Problem details: From the first line to the last, print the material exactly, skipping the pictures.

Data excerpt:
:::

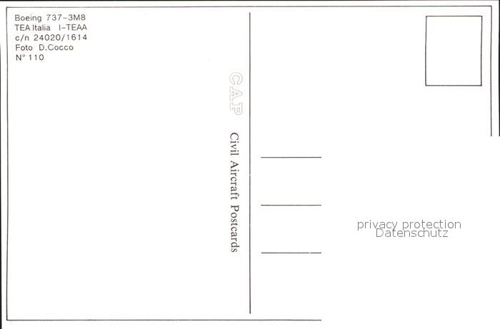Flugzeuge Zivil Boeing 737-3M8 TEA Italia I-TEAA c/n 24020/1614 postalisch nicht gelaufen
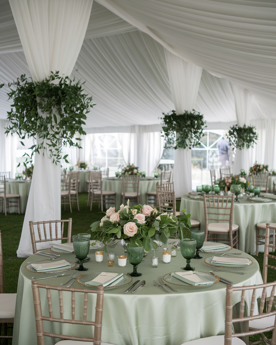 Sage green linens, vintage-inspired green glassware, and blush blooms feel effortlessly elegant — like the garden decided to dress up. I love how the hanging greenery adds a sense of height and softness, without overpowering.
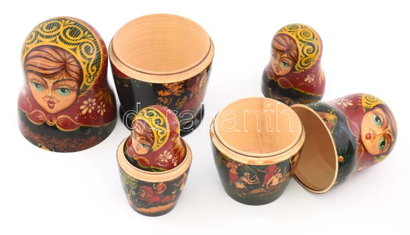 Kézzel festett 7 részes orosz matrjoska baba szett, egyik darabon jelz... https://www.darabanth.com/en/479-Online-auction/479.0/Art-and-other-collectibles/Antique~500007/Kezzel-festett-7-reszes-orosz-matrjoska-baba-szett-egyik-darabon-jelzett-mindegyik-baban-mas-mas~II3267752

:::

Result for this exercise:
Flugzeuge Zivil Boeing 737-3M8 TEA Italia I-TEAA c/n 24020/1614 postalisch nicht gelaufen
 Sage green linens, vintage-inspired green glassware, and blush blooms feel effortlessly elegant — like the garden decided to dress up. I love how the hanging greenery adds a sense of height and softness, without overpowering.
 Kézzel festett 7 részes orosz matrjoska baba szett, egyik darabon jelz... https://www.darabanth.com/en/479-Online-auction/479.0/Art-and-other-collectibles/Antique~500007/Kezzel-festett-7-reszes-orosz-matrjoska-baba-szett-egyik-darabon-jelzett-mindegyik-baban-mas-mas~II3267752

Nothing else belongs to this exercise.